Anyone expecting Finance Minister Grant Robertson to produce a detailed plan for economic recovery from the Covid crisis was simply setting him up for failure.
The damage has not yet been counted so it is unrealistic to expect a detailed plan. We can't be sure if weat the middle of an economic crisis or just the start of one.
What Robertson has given himself and his Government in Budget 2020 is not a detailed plan but flexibility to deal with the ongoing crisis by setting up a $50 billion Covid recovery "fund."
About $30 billion of it has been committed by previously announced initiatives or new or expanded initiatives in the Budget, and there is about $20 billion left to play with.
Some of its measures are sensible such as extending the wage subsidy scheme but with stricter criteria, increasing funding to NZ Trade and Enterprise, boosting trades training and employment schemes, expanding lunch in schools programme.
The Covid Response and Recovery fund is not actually a separate fund but a way of organising expenditure, of putting some constraints around it and setting some expectations.
Treasury's forecasts of the economic impact are predictably grim with the current year ending in a $28 billion deficit and the following two years not much better as Government costs rise.
Debt is forecast to rise from the current $89 billion to an unthinkable $200 billion in four year's time.
It is not all bad.
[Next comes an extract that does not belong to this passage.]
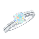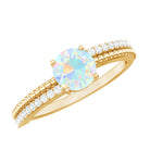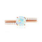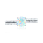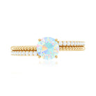 Unveil a love that shines as brightly as your forever with this Opal Solitaire Engagement Ring. At its center lies a captivating 6 mm Round Shape Ethiopian Opal set in 4 Prong Setting, radiating an array of vivid hues, creating a stone as unique and magical as the love it represents. The Opal takes center stage, while sparkling Diamond side stones delicately accentuate its glow, adding a layer of brilliance that never fades. The band of this Opal Diamond Engagement Ring is adorned with intricate Beaded Detailing, a subtle nod to vintage elegance that complements the striking beauty of the opal. Together, the opal, diamond stones, and detailing form a harmonious piece that is both timeless and modern, just like your love. Whether you are about to say I do or already living your happily ever after, this Opal Solitaire Ring for Engagement serves as a perfect reminder of an everlasting commitment. Presented in a signature jewelry box and available in various sizes, this Rainbow Opal Engagement Ring is a promise that your love will shine brighter with every passing day.

The operating deficit declines to just $5 billion in four years, a trend in the right direction.
But even Robertson is encouraging caution when interpreting the books.
The trouble with trends is they are only as good as the forecasts on economic activity and as Robertson pointedly says in his Budget speech "economic forecasting is more of an art than a science at the best of times, but more so than ever now."
There is no question that he has delivered his third Budget with his fingers crossed.
The Budget is one of least overtly political Budgets in recent years and Robertson - as he has done recently - pays tribute to the economic management of predecessors Bill English and Michael Cullen.
His political messaging was based in nostalgic references to the role of the First Labour Government in responding to the Great Depression when, he said, "they built houses, rail and roads, they created the welfare state and a strong public health systems, and they backed shopkeeper and manufacturers."
"We are taking those principles into the modern era."
But of course the fund has political advantages.
It may be a pragmatic way to deal with such an uncertain situation but it also gives the Government flexibility for bigger spending commitments closer to the September 19 election – without being accused of overly political.
Prime Minister Jacinda Ardern yesterday announced part of Labour's campaign strategy - "a comprehensive engagement programme" to ask the country what the "team of five million" can do to get the country moving again.
National may try to portray Labour as a party without ideas. But Labour has options, and the Budget has just given them many more.